Distribution structures

What distribution structures are available to a supplier?

Any number of structures can be chosen depending on commercial, market and tax considerations. Normally, some form of market representative, whether employed or otherwise contracted, would be sensible. An agent with varying levels of authority or indeed a stockholding distributor with obligations to expand sales might be attractive. Depending on the strength of the marketing format, franchising could be an attractive option to expand. Supply chain efficiency and relationships down the chain will dictate what is the most appropriate model to pursue. Typically, from a legal and commercial perspective, the following are common relationship characteristics:

  • exclusive: appointment of one distributor for the territory or a particular customer group and the supplier is prevented from appointing another distributor or selling into the territory or customer group directly;
  • sole: appointment of one distributor for the territory or customer group and the supplier is prevented from appointing another distributor for the territory or customer group but the supplier retains the right to sell into the territory;
  • non-exclusive: no restrictions on the supplier allocating distribution rights to more than one party for a particular territory or customer group or supplying directly; and
  • selective: only approved dealers are entitled to handle and resell the goods, and restraints can, in certain circumstances, be imposed on other resellers. Any distributor fulfilling a set of objective, transparent and non-discriminatory criteria, normally based on quality, is admitted to the distribution network. Selective distribution is typically used for high-end or prestige goods.

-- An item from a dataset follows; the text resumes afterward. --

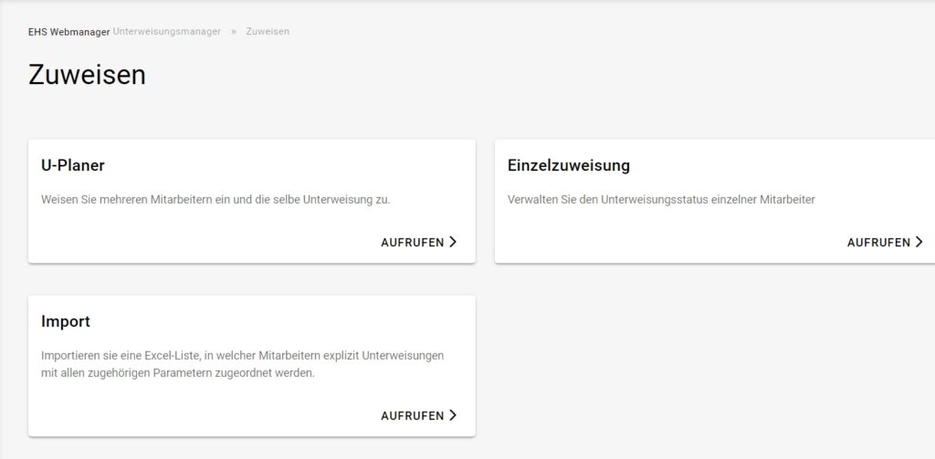 Im Bereich Zuweisen können Sie alle Unterweisungen, die Sie zur Verfügung haben, verwalten und entsprechend an Benutzer zuweisen. Innerhalb dieses Bereichs gibt es verschiedene Möglichkeiten Unterweisungen zuzuordnen: den U-Planer (dieser dient dazu, Gruppenunterweisungen zu planen), Einzelzuweisungen (dies dient dazu Unterweisungen, einzeln zuzuweisen) und Import (hiermit können Sie über eine Importtabelle Unterweisungen zuweisen).

In contrast, a commercial agent or sales representative is an agent of the seller. The agent acts on behalf of the principal under power of attorney and does not have a direct contract for supply with the customer and will normally not bear any financial risk. An agent enters into the supply agreements in the name and for the benefit of the foreign supplier and receives a commission (typically a percentage of the price) as payment. Using an agent has the advantage that the supplier can set the price at which the products are sold to the customer. This is not permitted with a distributor. The main disadvantage of using an agent is that they are entitled to statutory compensation upon termination. An agent’s activities can be limited to introducing customers and contracts to the principal (marketing agent) or they can be sales agents, where the agent has authority to conclude contracts with customers on behalf of their principal. As with distribution agreements, agency agreements can be exclusive, sole or non-exclusive.

The supplier may opt for a franchising format for distribution of goods and services under the franchisor’s business model and brand with associated know-how or methods. There is no UK regulation of franchising and so general law and legal principles apply. The British Franchise Association requires its members to abide by the European Code for Franchising but compliance cannot be guaranteed.

Legislation and regulators

What laws and government agencies regulate the relationship between a supplier and its distributor, agent or other representative? Are there industry self-regulatory constraints or other restrictions that may govern the distribution relationship?

There are no specific UK laws relating to distribution that govern the relationship between a supplier and its distributor. Common law principles of contract will apply to any agreement between the parties, as will certain general statutory provisions in regulated sectors such as financial services.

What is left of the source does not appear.